(Data segment)

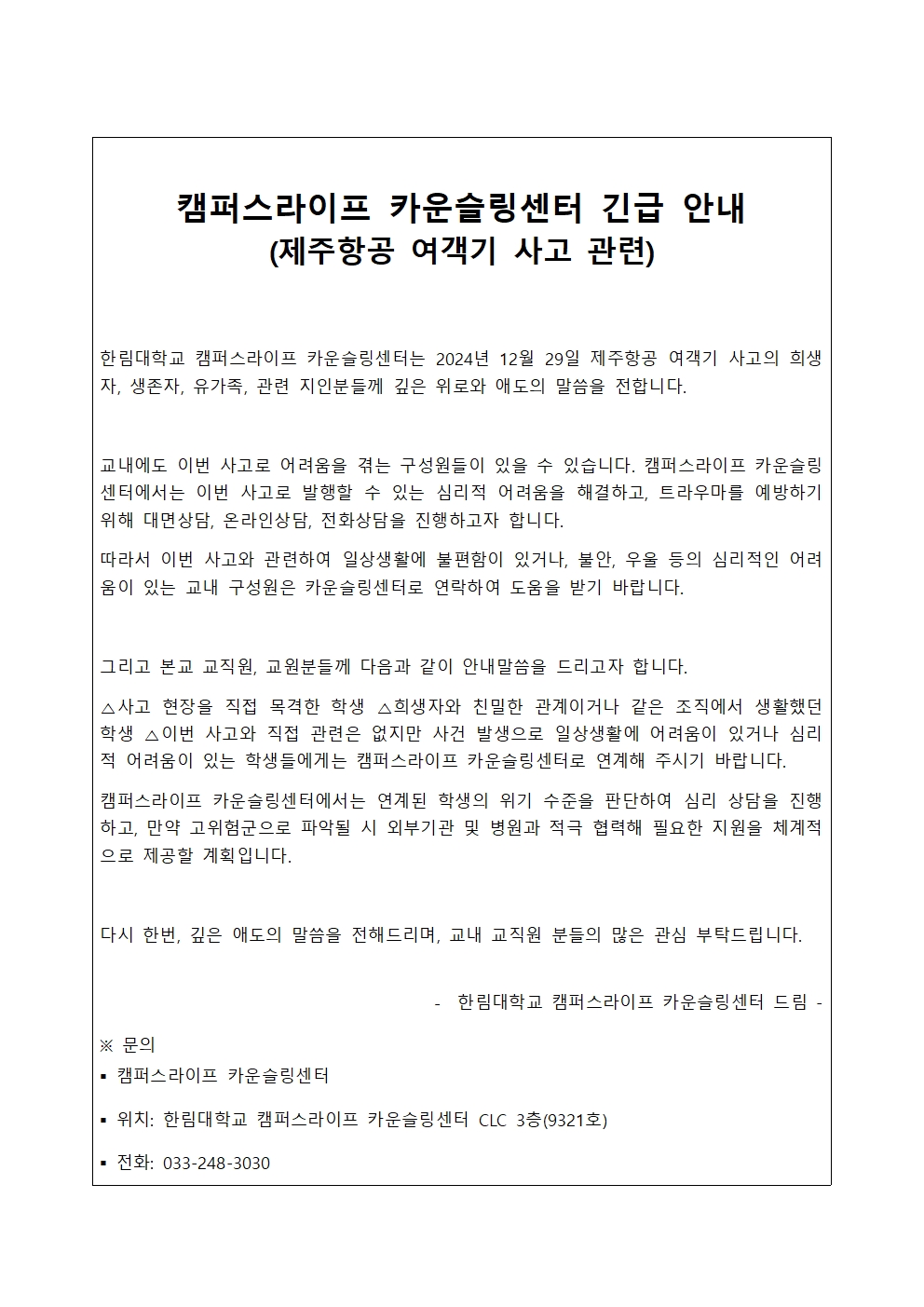제주항공 여객기 사고 관련 심리지원 긴급 안내
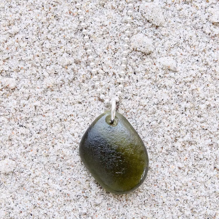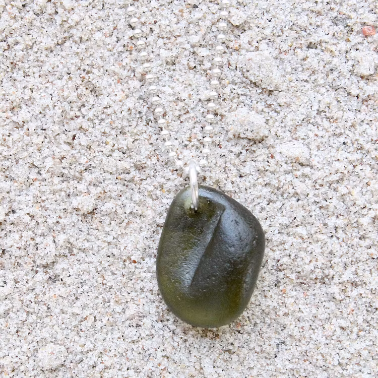 Havsglaset är samlat längs Skånes stränder och helt obearbetat, endast varsamt tvättat och borrat.
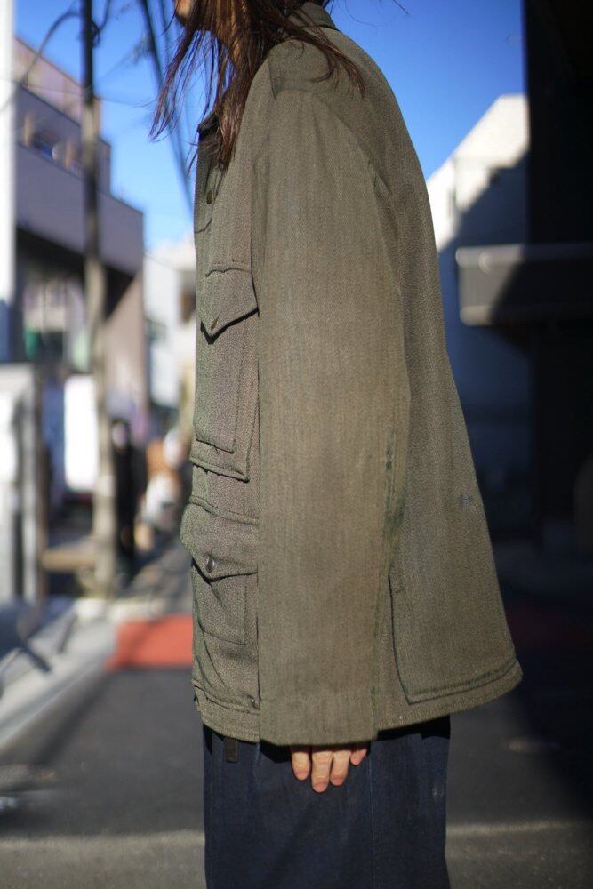 1960s Whipcord Cruiser Jacket.<BR> The rayon-based whipped cord fabric has a soft, flowing drape, and the solid weight, rugged texture of the thick ridges, and the aging that comes with age that is unique to vintage items exude a strong presence.

(End Data segment)

Work to be completed>
Take every line of the material and copy it exactly, leaving out the pictures.

Exercise response>
제주항공 여객기 사고 관련 심리지원 긴급 안내
 Havsglaset är samlat längs Skånes stränder och helt obearbetat, endast varsamt tvättat och borrat.
 1960s Whipcord Cruiser Jacket.<BR> The rayon-based whipped cord fabric has a soft, flowing drape, and the solid weight, rugged texture of the thick ridges, and the aging that comes with age that is unique to vintage items exude a strong presence.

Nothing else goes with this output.